=== REQUIRED WORK ===
Could you retype exactly the lines below between the one holding "- 68 qm, 3 Zimmer, kleine" and the one holding "KOHLER Lustra Round Toilet", inclusive, leaving out any pictures?

=== AVAILABLE DATA ===

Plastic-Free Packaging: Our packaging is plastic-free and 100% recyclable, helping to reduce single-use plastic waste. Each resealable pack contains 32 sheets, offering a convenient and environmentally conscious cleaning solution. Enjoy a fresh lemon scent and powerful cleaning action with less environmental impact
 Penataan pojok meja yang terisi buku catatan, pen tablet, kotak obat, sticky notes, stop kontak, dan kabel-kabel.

* * *

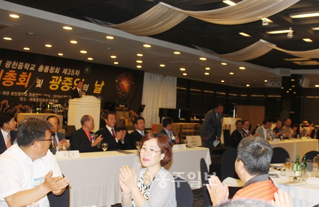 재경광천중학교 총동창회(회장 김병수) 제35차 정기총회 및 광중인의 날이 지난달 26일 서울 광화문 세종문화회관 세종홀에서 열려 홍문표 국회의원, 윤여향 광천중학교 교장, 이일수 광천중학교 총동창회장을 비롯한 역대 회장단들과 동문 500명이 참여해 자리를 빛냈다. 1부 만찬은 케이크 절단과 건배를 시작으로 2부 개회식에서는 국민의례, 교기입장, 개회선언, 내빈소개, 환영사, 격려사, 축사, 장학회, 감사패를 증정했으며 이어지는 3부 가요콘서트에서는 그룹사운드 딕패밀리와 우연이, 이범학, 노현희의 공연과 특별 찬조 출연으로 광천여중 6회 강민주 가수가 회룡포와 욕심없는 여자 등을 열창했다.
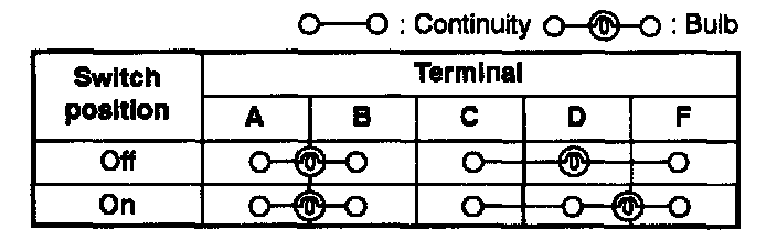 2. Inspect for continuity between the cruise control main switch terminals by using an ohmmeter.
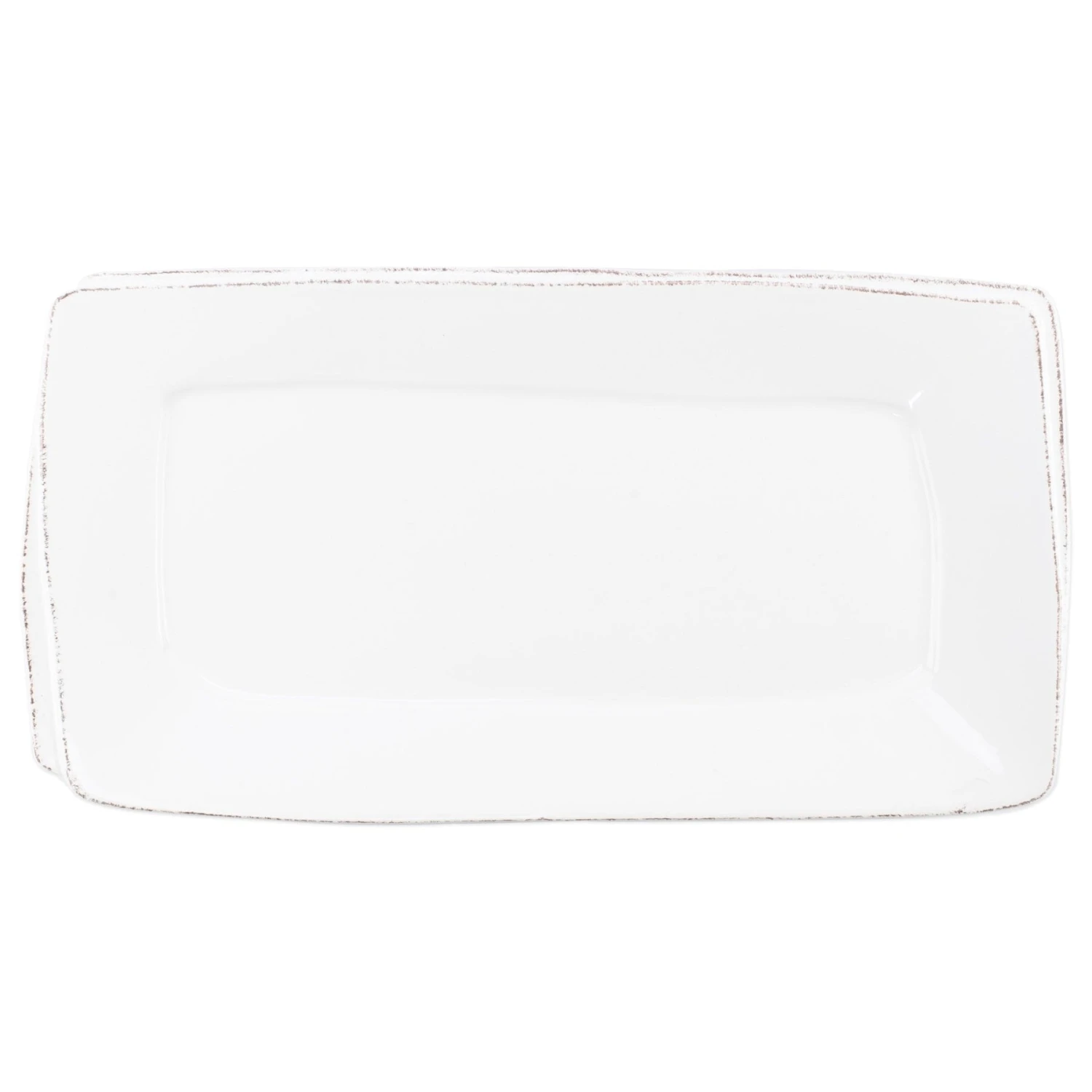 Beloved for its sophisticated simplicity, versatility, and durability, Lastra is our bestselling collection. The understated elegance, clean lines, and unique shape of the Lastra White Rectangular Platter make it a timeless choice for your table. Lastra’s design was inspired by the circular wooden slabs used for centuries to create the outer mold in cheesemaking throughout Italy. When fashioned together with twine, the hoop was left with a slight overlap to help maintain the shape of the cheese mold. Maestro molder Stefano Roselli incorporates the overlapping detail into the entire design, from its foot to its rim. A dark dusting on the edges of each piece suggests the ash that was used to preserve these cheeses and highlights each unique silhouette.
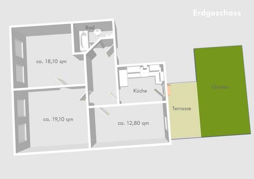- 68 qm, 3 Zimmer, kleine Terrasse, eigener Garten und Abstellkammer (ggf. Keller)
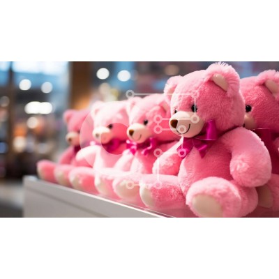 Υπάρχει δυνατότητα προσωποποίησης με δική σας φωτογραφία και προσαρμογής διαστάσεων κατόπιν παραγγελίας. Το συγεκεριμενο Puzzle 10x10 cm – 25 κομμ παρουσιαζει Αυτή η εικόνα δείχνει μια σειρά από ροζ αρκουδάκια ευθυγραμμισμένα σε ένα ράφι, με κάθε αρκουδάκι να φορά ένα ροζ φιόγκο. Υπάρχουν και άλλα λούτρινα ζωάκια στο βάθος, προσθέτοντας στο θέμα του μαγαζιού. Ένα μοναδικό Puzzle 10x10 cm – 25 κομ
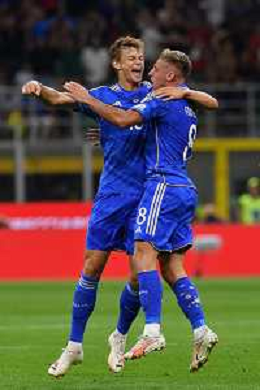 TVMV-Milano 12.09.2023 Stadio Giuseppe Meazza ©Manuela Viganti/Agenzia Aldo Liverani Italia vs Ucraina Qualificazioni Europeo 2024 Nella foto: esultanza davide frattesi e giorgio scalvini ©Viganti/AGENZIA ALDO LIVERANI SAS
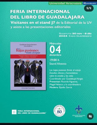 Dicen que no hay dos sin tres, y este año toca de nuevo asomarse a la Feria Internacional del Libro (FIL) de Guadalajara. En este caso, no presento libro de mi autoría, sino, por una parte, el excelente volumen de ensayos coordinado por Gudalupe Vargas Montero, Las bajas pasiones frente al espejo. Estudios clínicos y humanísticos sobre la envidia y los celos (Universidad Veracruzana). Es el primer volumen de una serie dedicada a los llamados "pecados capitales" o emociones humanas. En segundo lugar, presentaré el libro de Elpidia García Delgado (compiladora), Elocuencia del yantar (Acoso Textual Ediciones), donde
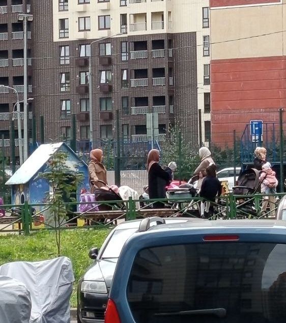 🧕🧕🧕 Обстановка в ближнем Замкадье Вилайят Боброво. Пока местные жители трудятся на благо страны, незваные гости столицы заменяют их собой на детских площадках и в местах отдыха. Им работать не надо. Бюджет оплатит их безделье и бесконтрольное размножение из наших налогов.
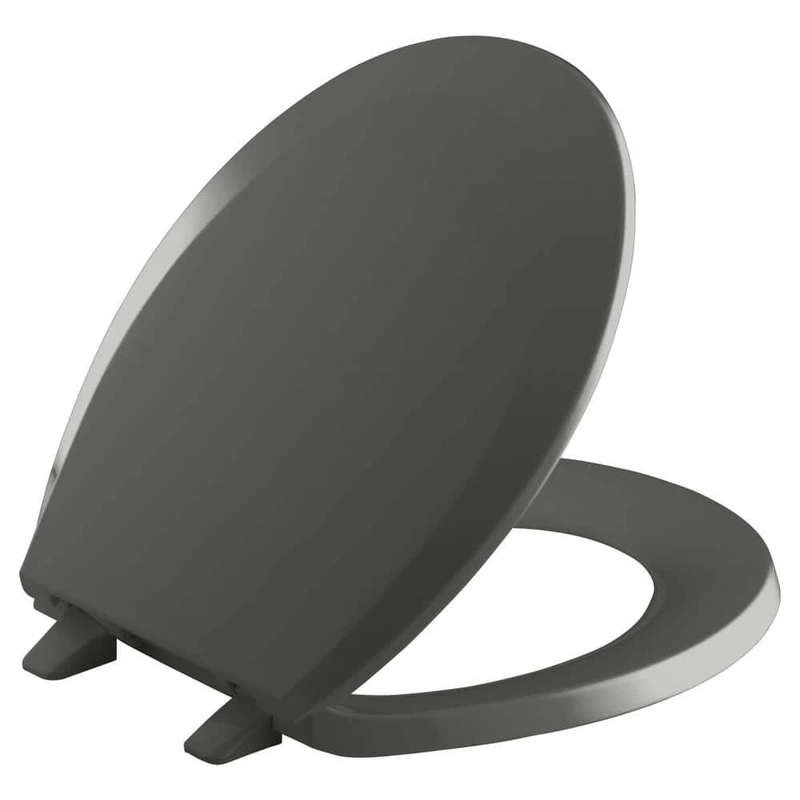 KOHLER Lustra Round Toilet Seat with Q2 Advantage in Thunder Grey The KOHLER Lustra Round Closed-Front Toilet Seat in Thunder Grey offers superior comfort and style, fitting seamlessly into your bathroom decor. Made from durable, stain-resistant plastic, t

=== EXERCISE RESPONSE ===
- 68 qm, 3 Zimmer, kleine Terrasse, eigener Garten und Abstellkammer (ggf. Keller)
 Υπάρχει δυνατότητα προσωποποίησης με δική σας φωτογραφία και προσαρμογής διαστάσεων κατόπιν παραγγελίας. Το συγεκεριμενο Puzzle 10x10 cm – 25 κομμ παρουσιαζει Αυτή η εικόνα δείχνει μια σειρά από ροζ αρκουδάκια ευθυγραμμισμένα σε ένα ράφι, με κάθε αρκουδάκι να φορά ένα ροζ φιόγκο. Υπάρχουν και άλλα λούτρινα ζωάκια στο βάθος, προσθέτοντας στο θέμα του μαγαζιού. Ένα μοναδικό Puzzle 10x10 cm – 25 κομ
 TVMV-Milano 12.09.2023 Stadio Giuseppe Meazza ©Manuela Viganti/Agenzia Aldo Liverani Italia vs Ucraina Qualificazioni Europeo 2024 Nella foto: esultanza davide frattesi e giorgio scalvini ©Viganti/AGENZIA ALDO LIVERANI SAS
 Dicen que no hay dos sin tres, y este año toca de nuevo asomarse a la Feria Internacional del Libro (FIL) de Guadalajara. En este caso, no presento libro de mi autoría, sino, por una parte, el excelente volumen de ensayos coordinado por Gudalupe Vargas Montero, Las bajas pasiones frente al espejo. Estudios clínicos y humanísticos sobre la envidia y los celos (Universidad Veracruzana). Es el primer volumen de una serie dedicada a los llamados "pecados capitales" o emociones humanas. En segundo lugar, presentaré el libro de Elpidia García Delgado (compiladora), Elocuencia del yantar (Acoso Textual Ediciones), donde
 🧕🧕🧕 Обстановка в ближнем Замкадье Вилайят Боброво. Пока местные жители трудятся на благо страны, незваные гости столицы заменяют их собой на детских площадках и в местах отдыха. Им работать не надо. Бюджет оплатит их безделье и бесконтрольное размножение из наших налогов.
 KOHLER Lustra Round Toilet Seat with Q2 Advantage in Thunder Grey The KOHLER Lustra Round Closed-Front Toilet Seat in Thunder Grey offers superior comfort and style, fitting seamlessly into your bathroom decor. Made from durable, stain-resistant plastic, t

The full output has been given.